▸ What you have to do
Could you output each line below precisely as it stands, without the images?

▸ Recorded data
————————

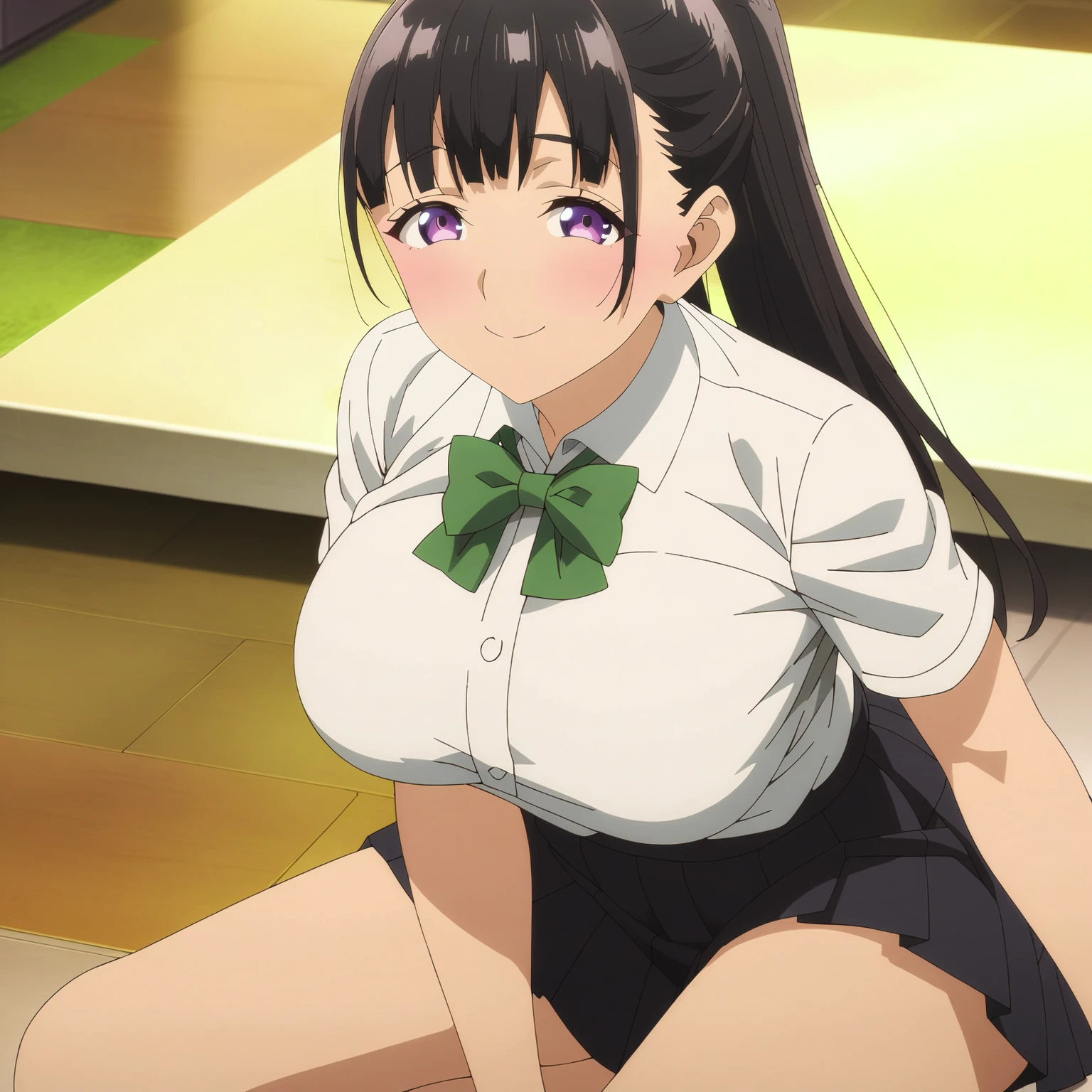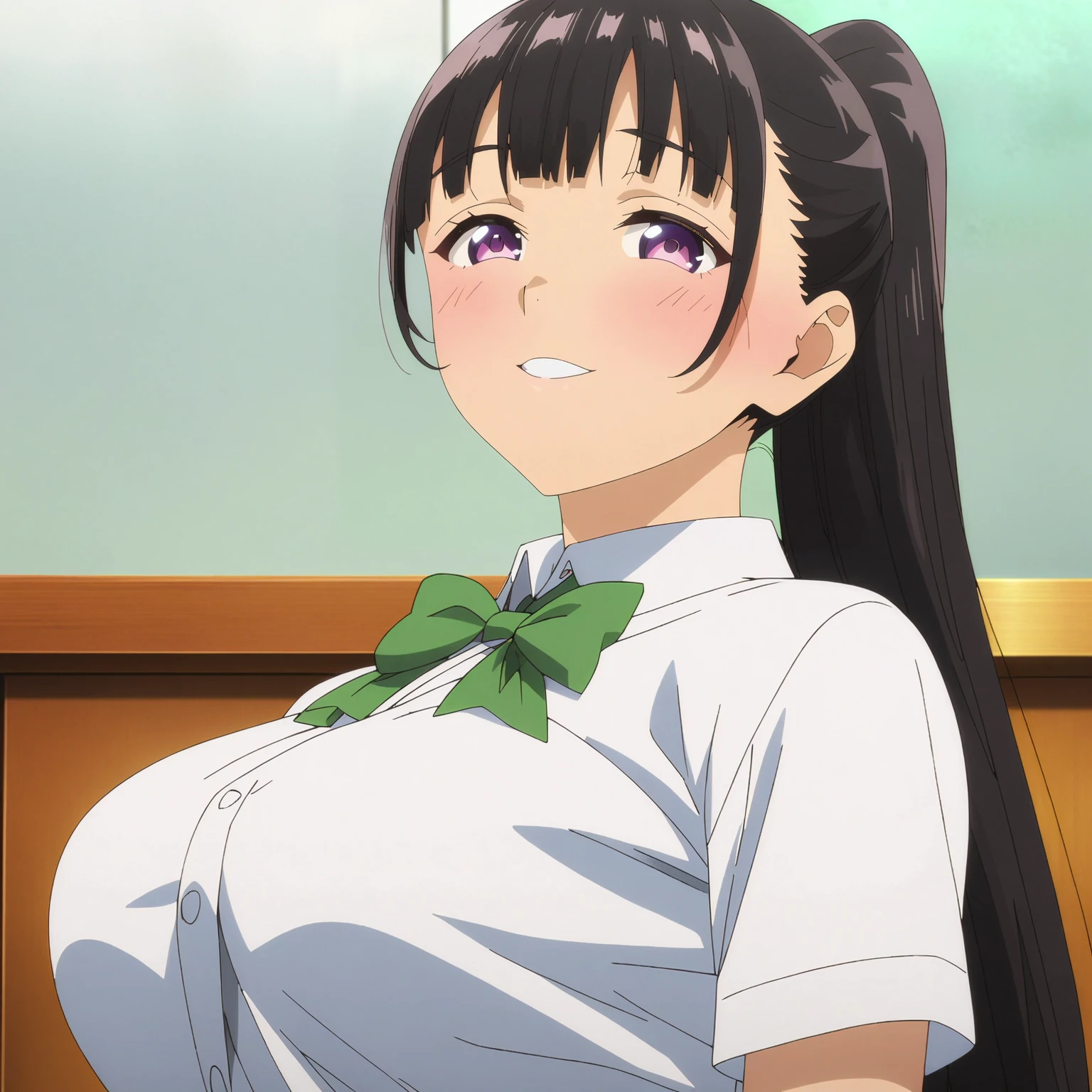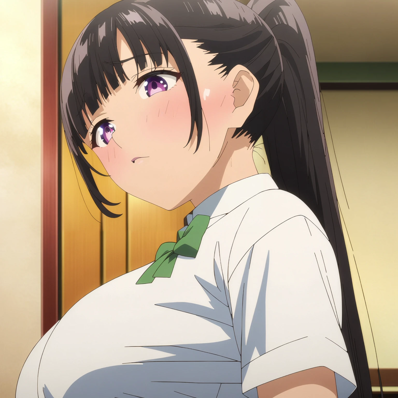YuiTachibana,1girl,black hair,ponytail,purple eyes,large breasts,
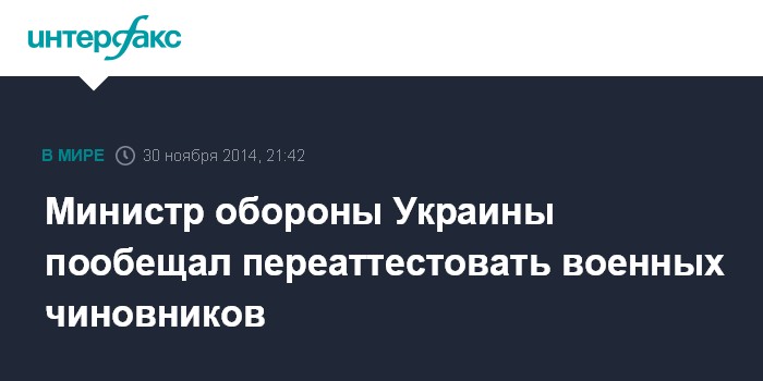 Москва. 30 ноября. INTERFAX.RU - Руководители министерства обороны и вооруженных сил Украины пройдут внеочередную переаттестацию, заявляет глава украинского Минобороны Степан Полторак.
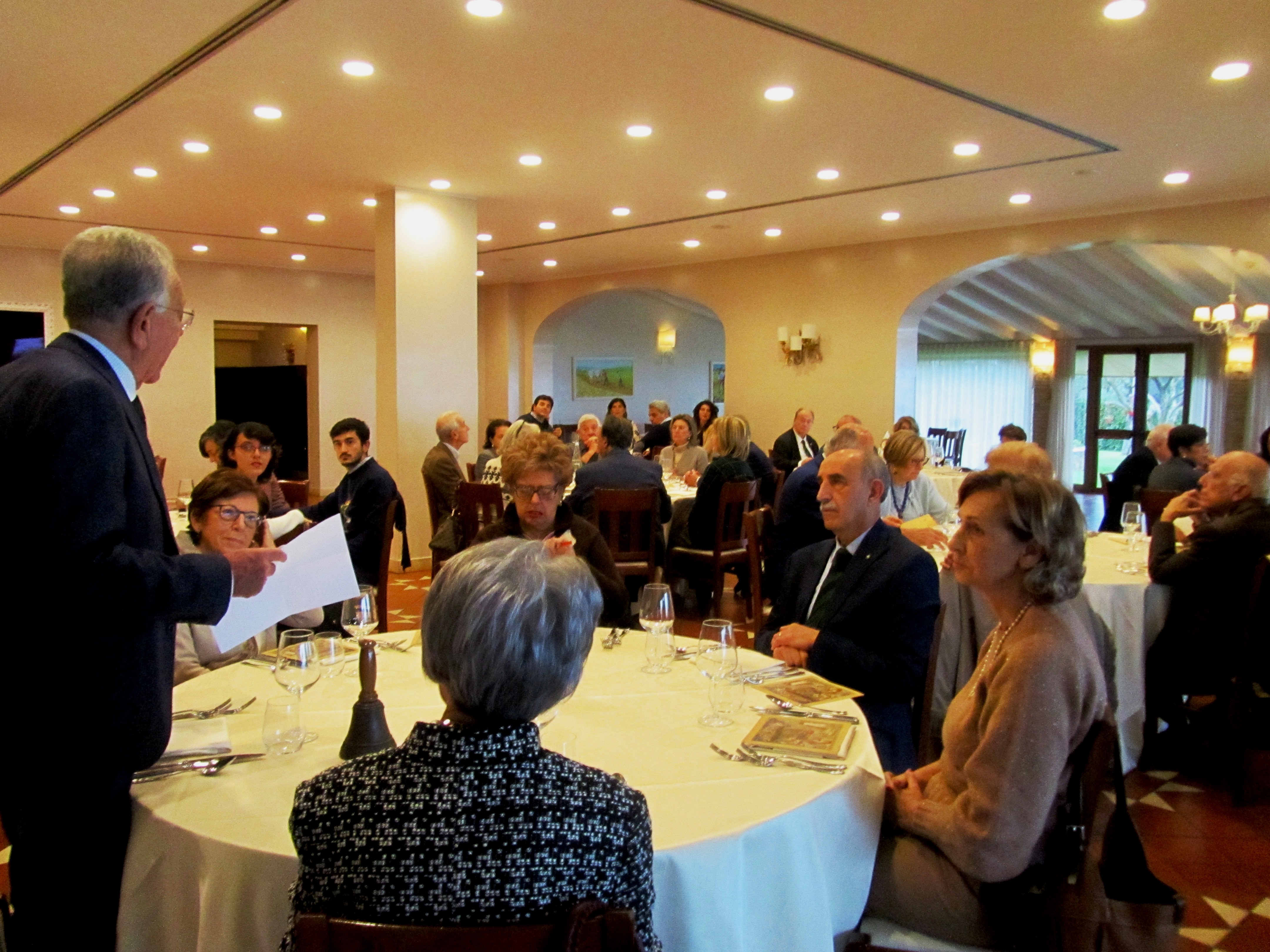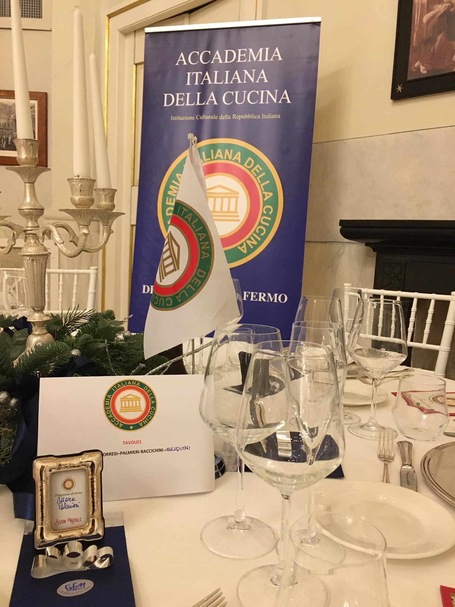 L'occasione dello scambio degli auguri di Natale rappresenta uno dei momenti più sentiti per la Delegazione fermana. Per celebrare l'evento è stata scelta una location di grande fascino e prestigio, VIlla Bonaparte, che Gerolamo Bonaparte fece edificare per il proprio soggiorno a Porto San Giorgio. Al calar della sera Accademici e amici si sono dati appuntamento presso il salone delle feste finemente adorno degli addobbi natalizi per un aperitivo e un primo brindisi beneaugurante in attesa di comporsi tutti a tavola. Menu di pesce coordinato e studiato dal Simposiarca Cristofaro La Corte e ottimamente eseguito dallo staff di Gianni Lamponi titolare della Top Catering e ristorante Minonda. Gradimento dei convenuti per le crudità servite cui sono seguite triglie marinate, carpaccio di polipo e mazzancolle al vapore. Dopo i maccheroncini di Campofilone al ragù bianco di pesce e i ravioloni al sugo di canocchie, grandissimo apprezzamento dei commensali per l'ottima spigola al sale. Amandovulo, dolce della tradizione sangiorgese, per finire, e brindisi con l'ottimo Mont'illì, offerto dal Simposiarca insieme a dolcetti siciliani a tradire le sue origini. La buona tavola, la bellezza dell'ambiente e la finezza dell'apparecchiatura e degli addobbi sono stati solo degni complementi del caldo clima di convivialità e di amicizia che ha pervaso la serata rendendola speciale e, come nelle aspettative, perfettamente interprete dello spirito del Natale.
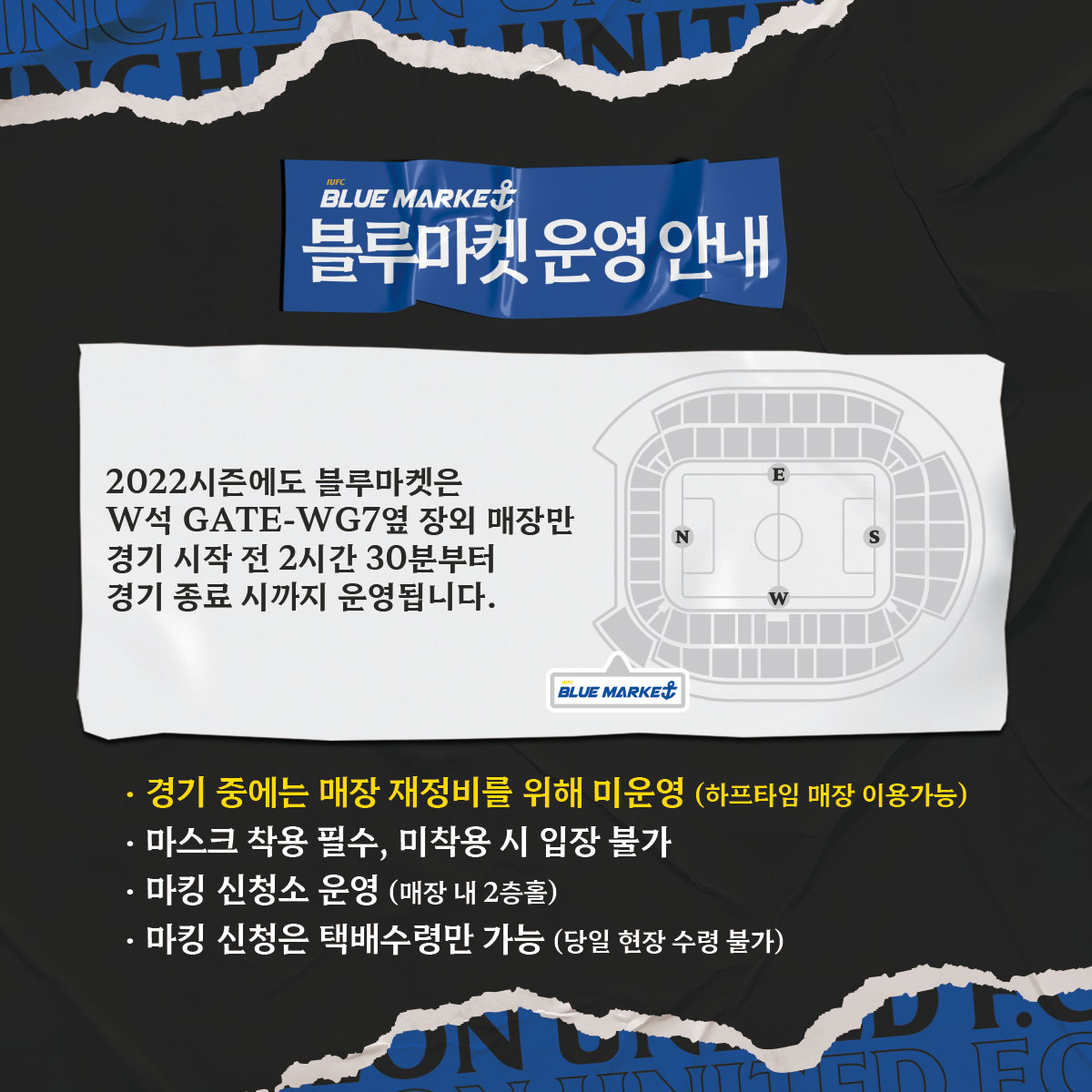 이번 홈경기 당일 오프라인 블루마켓 매장이 정상 운영됩니다. 2022시즌 블루마켓(W석 GATE-WG7옆)은 경기 시작 2시간 30분 전부터 운영됩니다. 아래 블루마켓 운영 시간을 참고하셔서 안전하고 즐거운 쇼핑 되시길 바랍니다.

————————

▸ Worked solution
YuiTachibana,1girl,black hair,ponytail,purple eyes,large breasts,
 Москва. 30 ноября. INTERFAX.RU - Руководители министерства обороны и вооруженных сил Украины пройдут внеочередную переаттестацию, заявляет глава украинского Минобороны Степан Полторак.
 L'occasione dello scambio degli auguri di Natale rappresenta uno dei momenti più sentiti per la Delegazione fermana. Per celebrare l'evento è stata scelta una location di grande fascino e prestigio, VIlla Bonaparte, che Gerolamo Bonaparte fece edificare per il proprio soggiorno a Porto San Giorgio. Al calar della sera Accademici e amici si sono dati appuntamento presso il salone delle feste finemente adorno degli addobbi natalizi per un aperitivo e un primo brindisi beneaugurante in attesa di comporsi tutti a tavola. Menu di pesce coordinato e studiato dal Simposiarca Cristofaro La Corte e ottimamente eseguito dallo staff di Gianni Lamponi titolare della Top Catering e ristorante Minonda. Gradimento dei convenuti per le crudità servite cui sono seguite triglie marinate, carpaccio di polipo e mazzancolle al vapore. Dopo i maccheroncini di Campofilone al ragù bianco di pesce e i ravioloni al sugo di canocchie, grandissimo apprezzamento dei commensali per l'ottima spigola al sale. Amandovulo, dolce della tradizione sangiorgese, per finire, e brindisi con l'ottimo Mont'illì, offerto dal Simposiarca insieme a dolcetti siciliani a tradire le sue origini. La buona tavola, la bellezza dell'ambiente e la finezza dell'apparecchiatura e degli addobbi sono stati solo degni complementi del caldo clima di convivialità e di amicizia che ha pervaso la serata rendendola speciale e, come nelle aspettative, perfettamente interprete dello spirito del Natale.
 이번 홈경기 당일 오프라인 블루마켓 매장이 정상 운영됩니다. 2022시즌 블루마켓(W석 GATE-WG7옆)은 경기 시작 2시간 30분 전부터 운영됩니다. 아래 블루마켓 운영 시간을 참고하셔서 안전하고 즐거운 쇼핑 되시길 바랍니다.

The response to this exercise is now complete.